Data entries
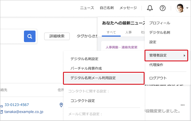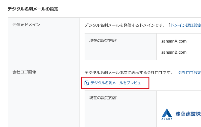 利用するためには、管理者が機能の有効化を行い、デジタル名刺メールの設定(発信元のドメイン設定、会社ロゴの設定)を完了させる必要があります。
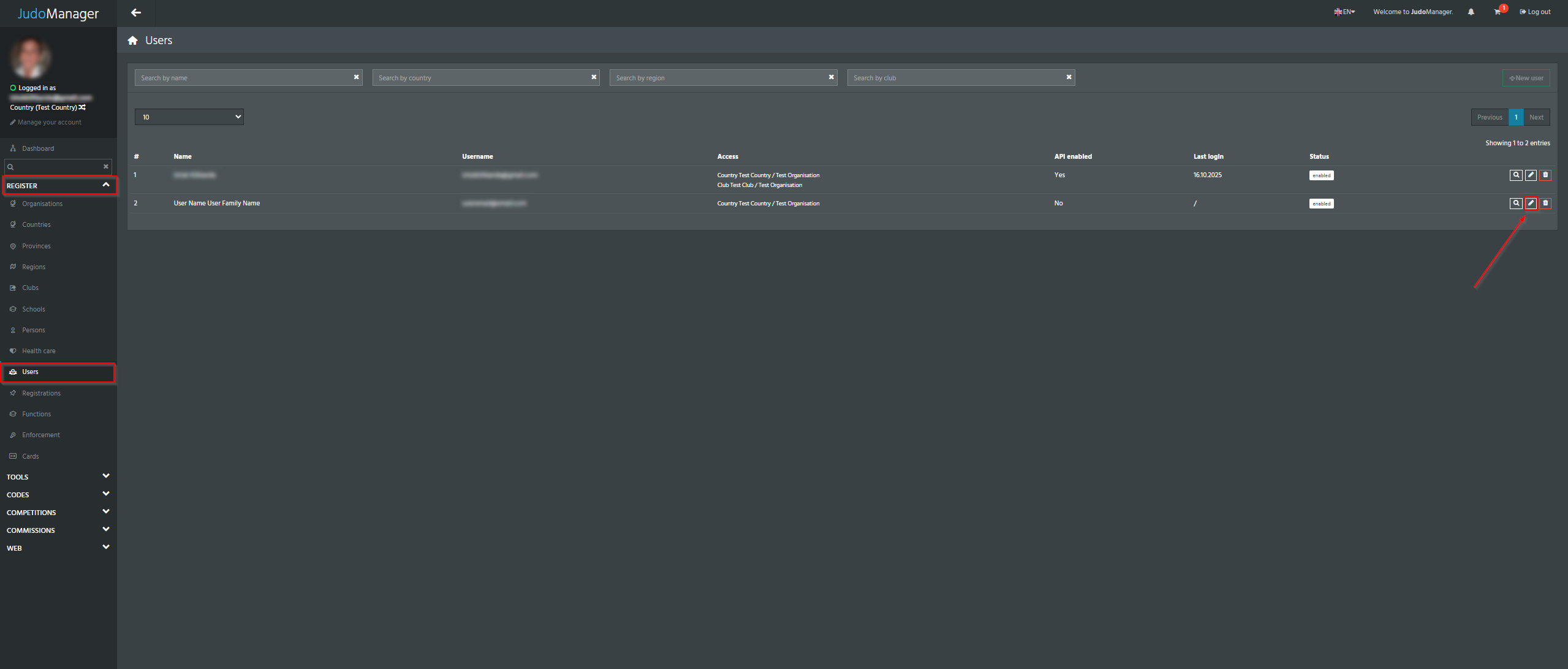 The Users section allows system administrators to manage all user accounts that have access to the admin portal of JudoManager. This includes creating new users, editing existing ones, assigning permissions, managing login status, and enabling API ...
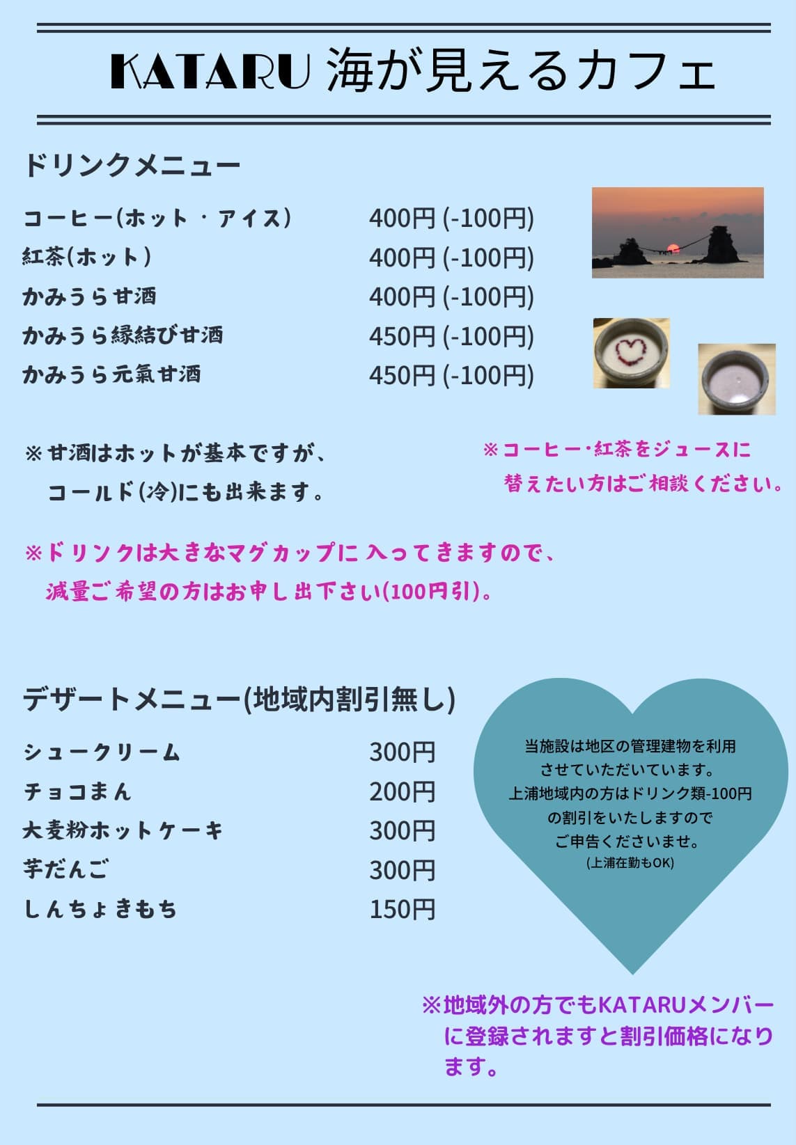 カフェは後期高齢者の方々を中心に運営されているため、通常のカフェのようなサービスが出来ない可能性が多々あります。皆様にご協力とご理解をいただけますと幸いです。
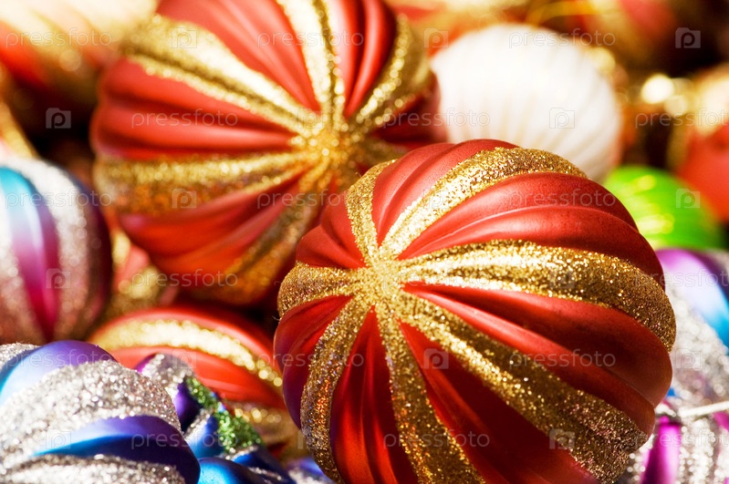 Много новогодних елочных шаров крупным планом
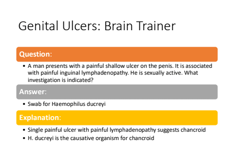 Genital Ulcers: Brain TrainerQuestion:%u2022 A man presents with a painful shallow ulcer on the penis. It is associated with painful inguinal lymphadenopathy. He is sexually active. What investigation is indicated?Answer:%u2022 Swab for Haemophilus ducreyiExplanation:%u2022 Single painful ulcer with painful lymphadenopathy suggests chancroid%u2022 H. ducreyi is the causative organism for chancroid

Requirement
Give back an exact repeat of the lines from the top of the data through the line that holds "The Users section", both included, and omit pictures.

Exercise result
 利用するためには、管理者が機能の有効化を行い、デジタル名刺メールの設定(発信元のドメイン設定、会社ロゴの設定)を完了させる必要があります。
 The Users section allows system administrators to manage all user accounts that have access to the admin portal of JudoManager. This includes creating new users, editing existing ones, assigning permissions, managing login status, and enabling API ...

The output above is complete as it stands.